_Exercise brief_:
From the first line to the last, return the data exactly, with no pictures.

_The data_:
════
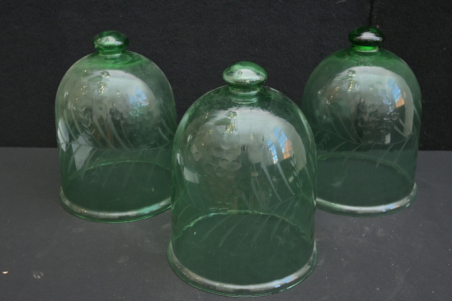 A GROUP OF THREE ETCHED GREEN GLASS HUNDI FLOAT LIGHT SHADES (A/F) (32H X 24DIA CM) (LEONARD JOEL DELIVERY SIZE: MEDIUM)
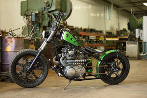 Holey Roller is no stranger to the alter! Created from a humble XS650, the running theme here is weight reduction and metal removal for performance and aesthetic reasons. We think of the XS platform as an excellent entry-level chopper candidate. They’re easy to find, mechanically simple, and can be reworked into cafés, trackers, scramblers—or choppers. We started with this example that had just 5,000 miles on the odo before we took the knife to it.
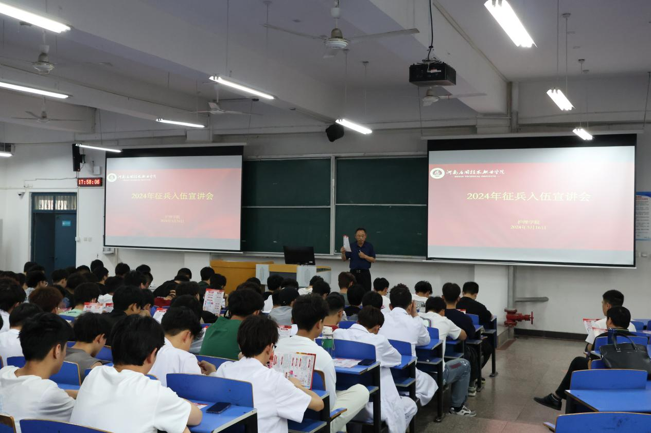 青春,是热血的代名词;报国,是青春的至高荣誉!2024年5月16日,护理学院在B101召开2024年征兵宣讲会。这次宣讲会旨在向广大学生普及国防知识,激发爱国情怀,引导学生积极参与国防建设,服务国家和人民。Beat365中文官方网站武装部胡平、宋春磊出席会议,护理学院2022级全体男生参会,宣讲会由护理学院党总支书记杨明杰主持。
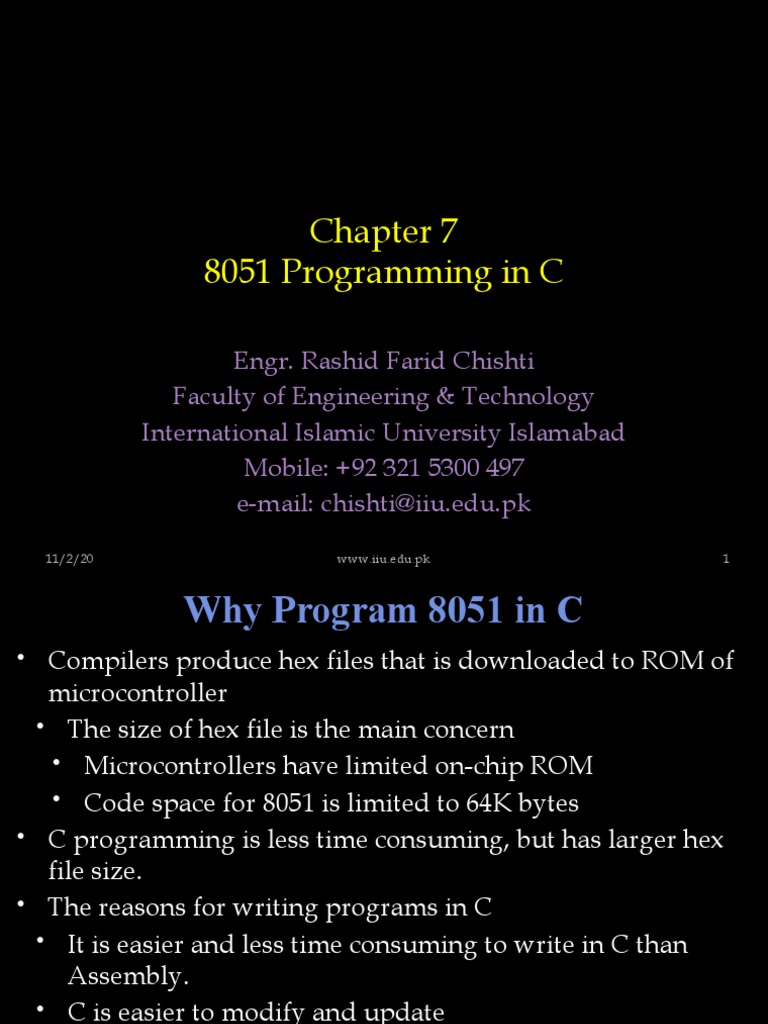 Example 7-6: Write an 8051 C program to toggle bits of P1 continuously
════
_Exercise response_:
 A GROUP OF THREE ETCHED GREEN GLASS HUNDI FLOAT LIGHT SHADES (A/F) (32H X 24DIA CM) (LEONARD JOEL DELIVERY SIZE: MEDIUM)
 Holey Roller is no stranger to the alter! Created from a humble XS650, the running theme here is weight reduction and metal removal for performance and aesthetic reasons. We think of the XS platform as an excellent entry-level chopper candidate. They’re easy to find, mechanically simple, and can be reworked into cafés, trackers, scramblers—or choppers. We started with this example that had just 5,000 miles on the odo before we took the knife to it.
 青春,是热血的代名词;报国,是青春的至高荣誉!2024年5月16日,护理学院在B101召开2024年征兵宣讲会。这次宣讲会旨在向广大学生普及国防知识,激发爱国情怀,引导学生积极参与国防建设,服务国家和人民。Beat365中文官方网站武装部胡平、宋春磊出席会议,护理学院2022级全体男生参会,宣讲会由护理学院党总支书记杨明杰主持。
 Example 7-6: Write an 8051 C program to toggle bits of P1 continuously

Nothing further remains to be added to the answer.